Sweeney Todd: The Demon Barber of Fleet Street

DreamWorks
Movie ••• Picture •••• Sound •••• Extras ••

With serial killers all the rage (in both fiction and reality), there's always room for one more mad slasher. And the peerless Johnny Depp, sounding like Capt. Jack Sparrow gone off his meds, turns in another masterful performance here as the razor-wielding Sweeney Todd. But this is a Tim Burton film, which means there's the nagging sense throughout that everything there is to see is right on the surface. The result is a gaping hole at the movie's heart that even Depp can't fill, despite an able assist from Sacha Baron Cohen as the preening rival barber Pirelli. Todd is worth a look, but more as a curiosity than anything else - like peering in at a sideshow pinhead.

A terrific transfer is true to the film's slick moodiness - maybe too true, revealing more of the pervasive CGI work's artifice than the makers intended. The crisp, clean soundtrack is similarly double-edged, showing off the legendary Stephen Sondheim score to great effect but also rendering the flaws in some of the singers' performances about as painful as a session under Sweeney's knife.

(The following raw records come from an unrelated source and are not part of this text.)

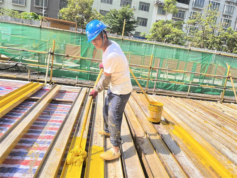 “我们的工人基本上每天早上6点钟就开始施工作业了。”项目经理介绍说,为了避开中午高温时段,项目部科学调整施工时间,工人上午11点下班,下午3点钟左右开始上班,并合理利用夜间气温低的时段进行施工,加班加点确保项目建设进度。目前该工程已累计完成产值1.06亿元,完成工程总量的23.16%。
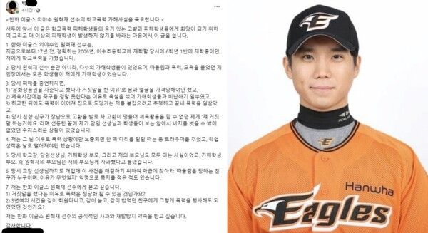 이 프로야구 선수는 2006년 서울의 초등학교 재학 당시에 자신에게 학폭을 가했으며 문화상품권을 사준다고 거짓말을 했다는 이유로 자신의 몸과 얼굴을 가격했다고 말을 했다.
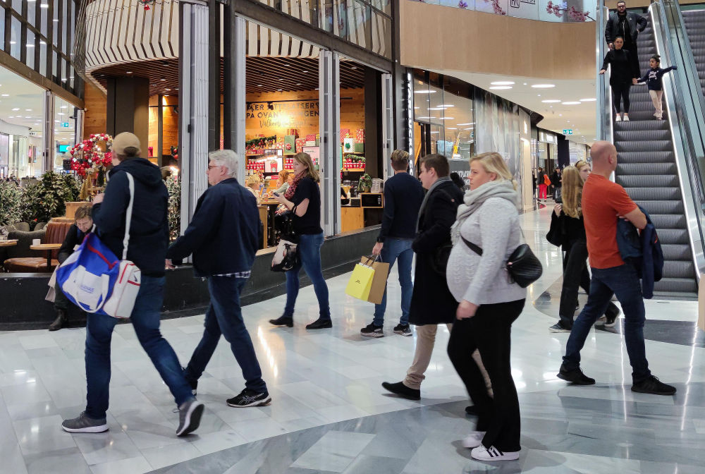 2021年11月5日,人们在瑞典首都斯德哥尔摩一家购物中心购物。新华社发(魏学超 摄)

In this Special Edition, there's no commentary track, but given the redundant (and often giggly) remarks in the disc-and-a-half worth of documentary extras, that's a blessing. Things start to get interesting, though, when the discussion turns to the working-class origins of the Sweeney Todd legend and of Grand Guignol - fertile territory that Burton, sadly, leaves unexplored.